The final value that our Decision Tree algorithm will use is called the information gain. The formula of information gain is:

IG = H(p_m)_{root} - H(p_m)_{weighted}

where H(p_m)_root is the overall entropy of our dataset at the root. In our example, we have ten entries in total, five of which being mangoes. Because of that, we can define the entropy function at root as:

H(p_m)_{root} = H(\frac{5}{10}) = 1

Now that we have the entropy function for our root node, we can compute the information gain for ‘shape’ feature as follows:

IG = 1 - 0.72 = 0.28

With a similar approach, we finally get the information gain for all of the features as can be seen in the following visualization:

Information gain for all features in Decision Tree algorithm

The same learning process will be repeated in the next level with the other features (taste and color) until one of the criteria that we have set in advance has been fulfilled, such as:

When a node consists of only one class (perfect separation between data points with different classes)
When further splitting of a Decision Tree will violate the maximum depth of the tree that we set in advance
When the improvement in the information gain is below the threshold value
When the number of data points in a node is not enough or below the threshold value

Decision Tree Code Implementation

Now that we know about the Decision Tree learning process, let’s implement it in code with the exact same data as we have above. To build and train the Decision Tree model, we will use the scikit-learn library. In the end, we will visualize the decision logic of our model.

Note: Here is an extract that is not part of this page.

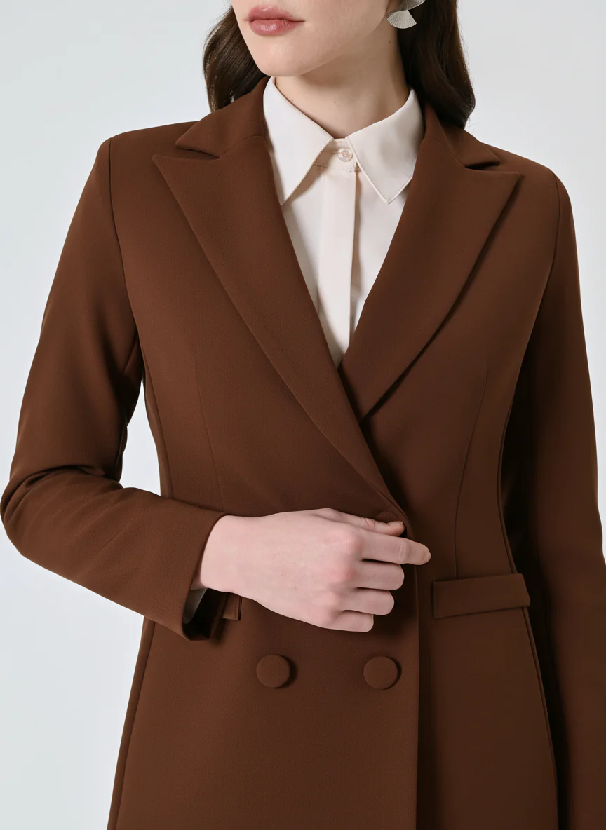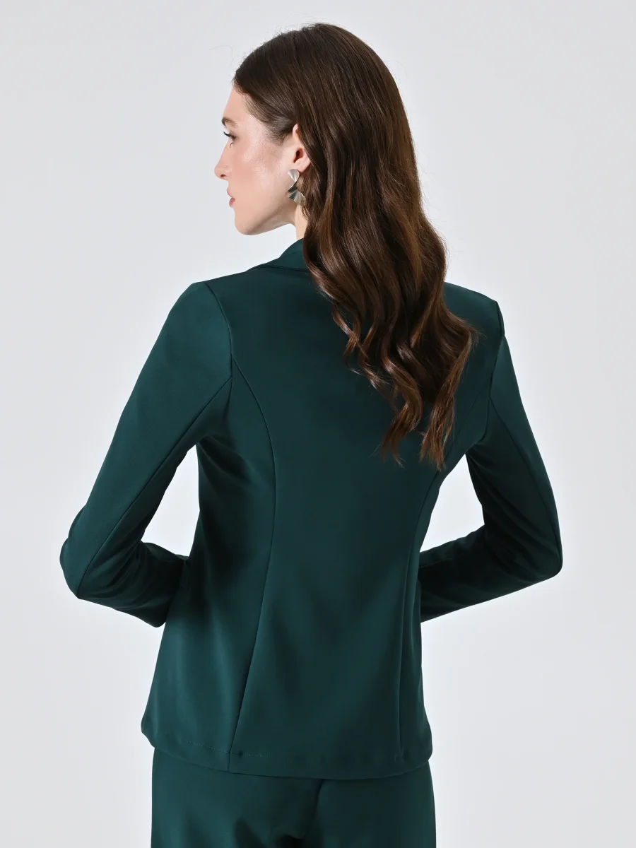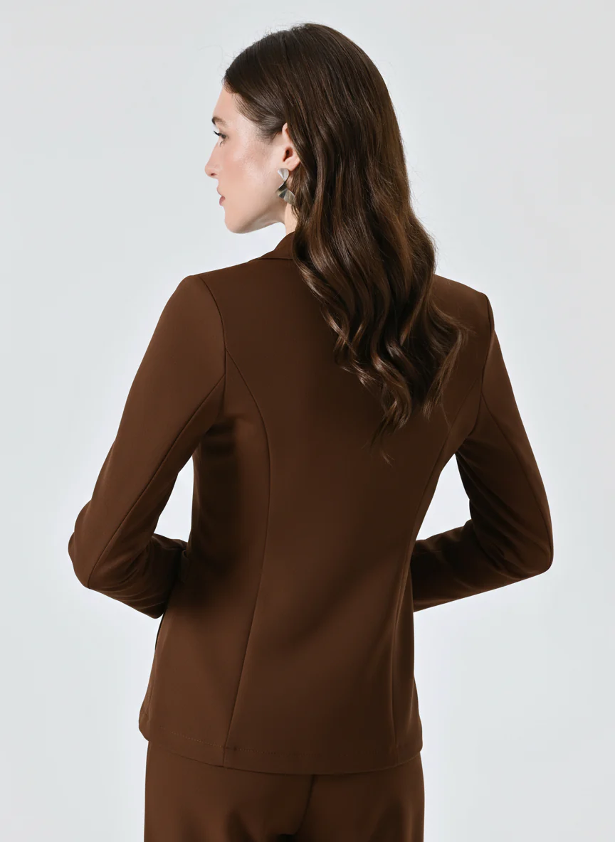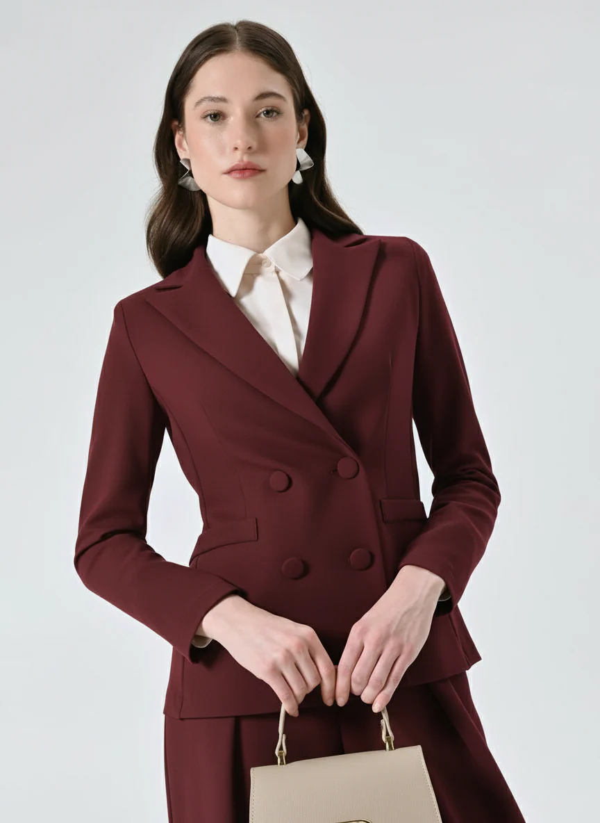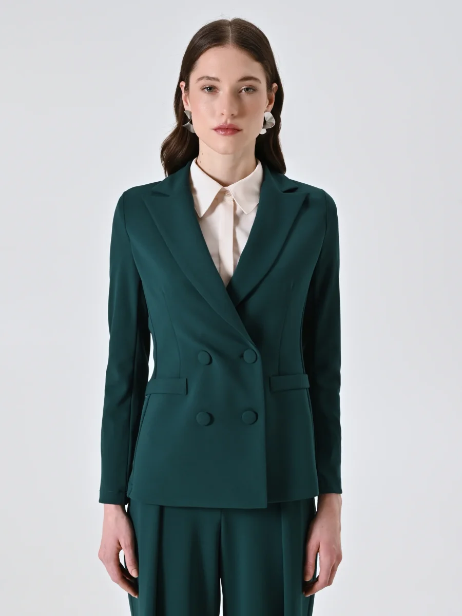 La Giacca Doppiopetto in Scuba Mano Crepe รจ una proposta dal design deciso e femminile, ideale per completare con stile i look da ufficio.

First, we can create our data as shown below:

import pandas as pd

shape = ['round', 'oval', 'round', 'round', 'oval', 'round', 'round', 'oval', 'oval', 'oval']
colour = ['orange', 'green', 'green', 'orange', 'green', 'green', 'green', 'green', 'orange', 'orange']
taste= ['sweet', 'sweet', 'sweet', 'sour','sweet', 'sweet', 'sour', 'sour', 'sweet', 'sweet']

label = ['orange','mango','orange', 'orange','mango', 'orange', 'mango', 'mango', 'mango', 'orange']

data = {'shapes': shape, 'colour': colour, 'taste': taste}
df_features = pd.DataFrame(data=data)

Each entry of our data is in a string format (‘sweet’, ‘round’, ‘green’), and we need to transform each of them into a numeric value, as an example, ‘sweet’ would be 0 and ‘sour’ would be 1 so that they can be used as features for our Decision Tree model.

shape = pd.DataFrame(df_features.shapes.replace(['round','oval'],[0,1]))
colour = pd.DataFrame(df_features.colour.replace(['orange','green'],[0,1]))
taste = pd.DataFrame(df_features.taste.replace(['sour','sweet'],[0,1]))
df_features = pd.concat([shape, colour, taste], axis=1)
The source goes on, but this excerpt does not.